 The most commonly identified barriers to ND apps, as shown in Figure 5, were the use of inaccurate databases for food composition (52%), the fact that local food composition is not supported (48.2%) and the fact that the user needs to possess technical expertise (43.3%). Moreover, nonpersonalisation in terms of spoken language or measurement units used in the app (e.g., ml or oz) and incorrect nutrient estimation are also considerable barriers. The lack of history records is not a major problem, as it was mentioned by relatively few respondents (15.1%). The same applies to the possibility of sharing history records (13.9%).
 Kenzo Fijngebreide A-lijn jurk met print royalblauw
...
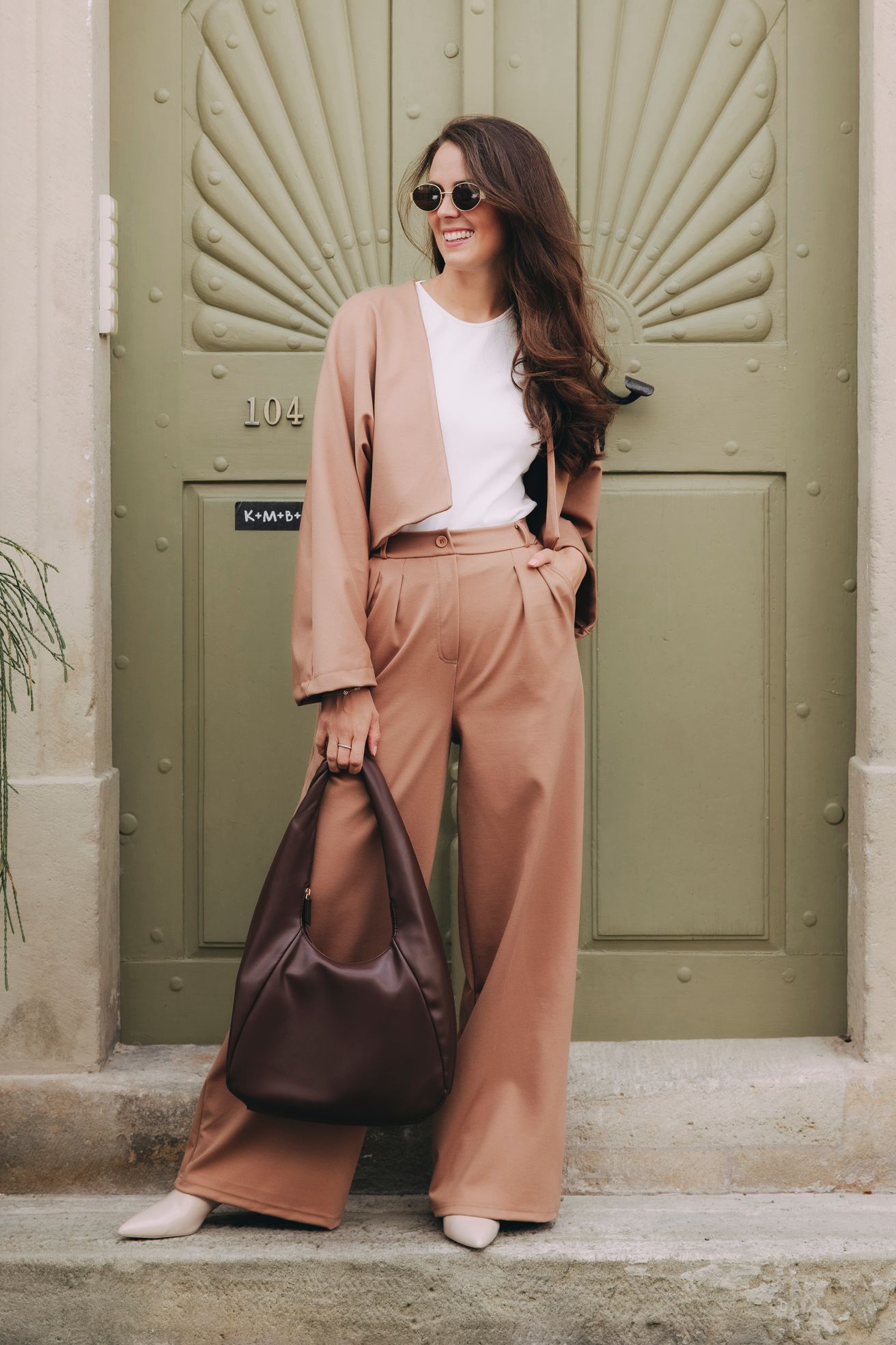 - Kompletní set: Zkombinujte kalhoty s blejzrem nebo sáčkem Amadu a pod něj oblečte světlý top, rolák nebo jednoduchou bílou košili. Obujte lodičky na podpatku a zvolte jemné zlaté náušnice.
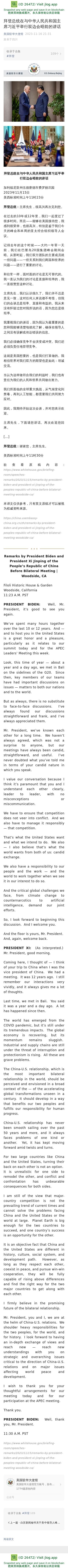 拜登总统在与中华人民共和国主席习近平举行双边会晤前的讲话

What is needed> Restate word for word the entries above from the line with "The most commonly" through the line with "Kenzo Fijngebreide A-lijn", inclusive, leaving out everything else.

Answer to the problem>
 The most commonly identified barriers to ND apps, as shown in Figure 5, were the use of inaccurate databases for food composition (52%), the fact that local food composition is not supported (48.2%) and the fact that the user needs to possess technical expertise (43.3%). Moreover, nonpersonalisation in terms of spoken language or measurement units used in the app (e.g., ml or oz) and incorrect nutrient estimation are also considerable barriers. The lack of history records is not a major problem, as it was mentioned by relatively few respondents (15.1%). The same applies to the possibility of sharing history records (13.9%).
 Kenzo Fijngebreide A-lijn jurk met print royalblauw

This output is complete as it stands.